> **Exercise goal**:
Copy out the listing below exactly, please, and skip any pictures.

> **Collected material**:
----

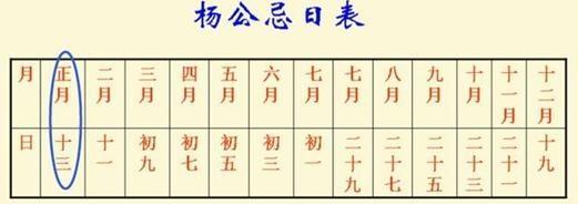 收杨公第一个儿子是正月十三这天,于是每个月杨公都会没一个儿子,并且时间很有规律,就是每月里往前赶两天。从正月十三开始,二月十一,三月初九,四月初七,五月初五,六月初三,七月初一,七月二十九,这里要说一点,刚好那年闰七月,所以七月有两天。八月二十七,九月二十五,十月二十三,十一二十一,十二十九,这样阴历闰七月,这年共有十三个月,这样杨公的十三个儿子都没了,这样杨公为他的狂妄埋单了。后来人们就把杨公十三个儿子没的日子称为“杨公十三忌”,人们挑选日子都避开了。
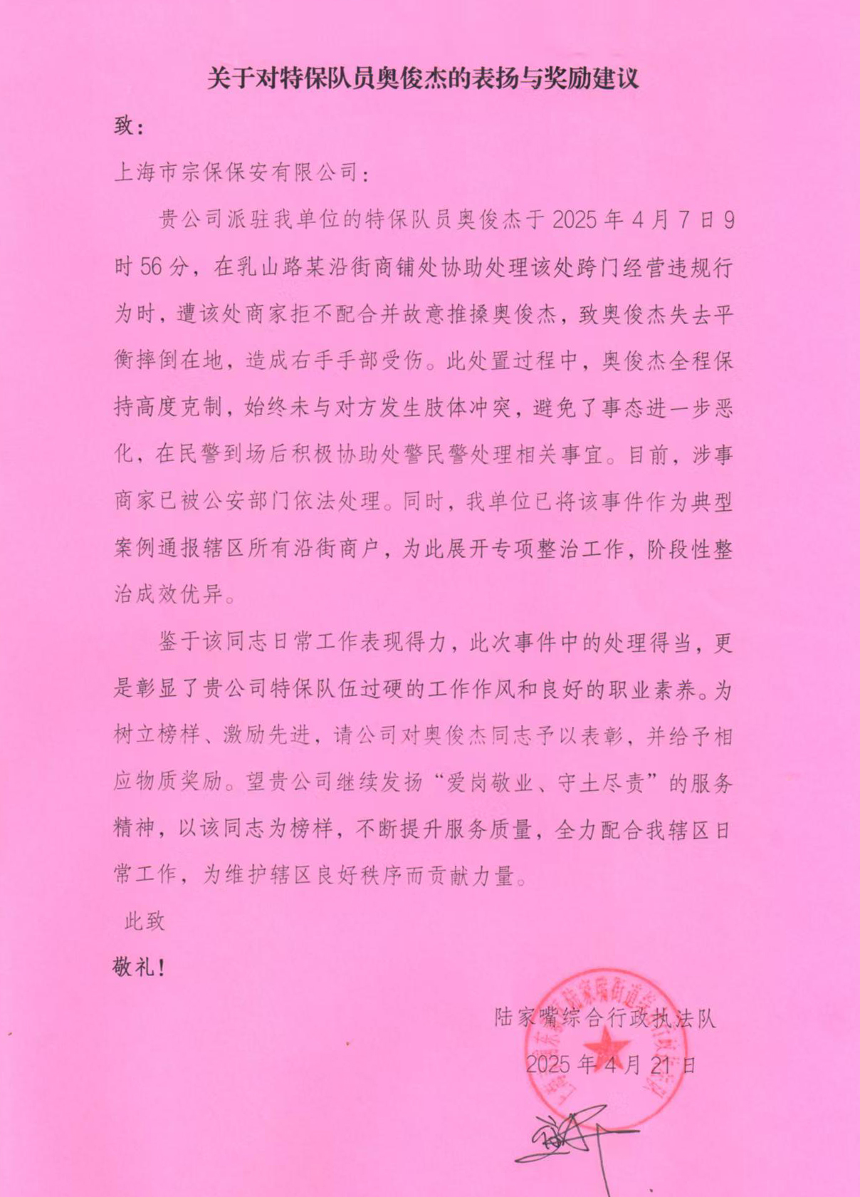 近日,宗保公司駐浦東新區陸家嘴社區市容項目員工奧俊杰因在工作中表現出高度的忍辱克制精神,受到陸家嘴綜合行政執法隊的贊揚和獎勵。
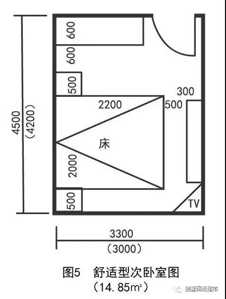 次臥最低“適用”開間中到中尺寸是3.3m(凈3.0m) ,進深中到中尺寸是4.5m(凈4.2m),如圖5。這里講的是最低“適用”要求,因為小于這個尺寸就會給家具布置和人的活動帶來不便,如果小于這個尺寸,應該設計為書房、兒童房等。

----

> **Solution to the exercise**:
 收杨公第一个儿子是正月十三这天,于是每个月杨公都会没一个儿子,并且时间很有规律,就是每月里往前赶两天。从正月十三开始,二月十一,三月初九,四月初七,五月初五,六月初三,七月初一,七月二十九,这里要说一点,刚好那年闰七月,所以七月有两天。八月二十七,九月二十五,十月二十三,十一二十一,十二十九,这样阴历闰七月,这年共有十三个月,这样杨公的十三个儿子都没了,这样杨公为他的狂妄埋单了。后来人们就把杨公十三个儿子没的日子称为“杨公十三忌”,人们挑选日子都避开了。
 近日,宗保公司駐浦東新區陸家嘴社區市容項目員工奧俊杰因在工作中表現出高度的忍辱克制精神,受到陸家嘴綜合行政執法隊的贊揚和獎勵。
 次臥最低“適用”開間中到中尺寸是3.3m(凈3.0m) ,進深中到中尺寸是4.5m(凈4.2m),如圖5。這里講的是最低“適用”要求,因為小于這個尺寸就會給家具布置和人的活動帶來不便,如果小于這個尺寸,應該設計為書房、兒童房等。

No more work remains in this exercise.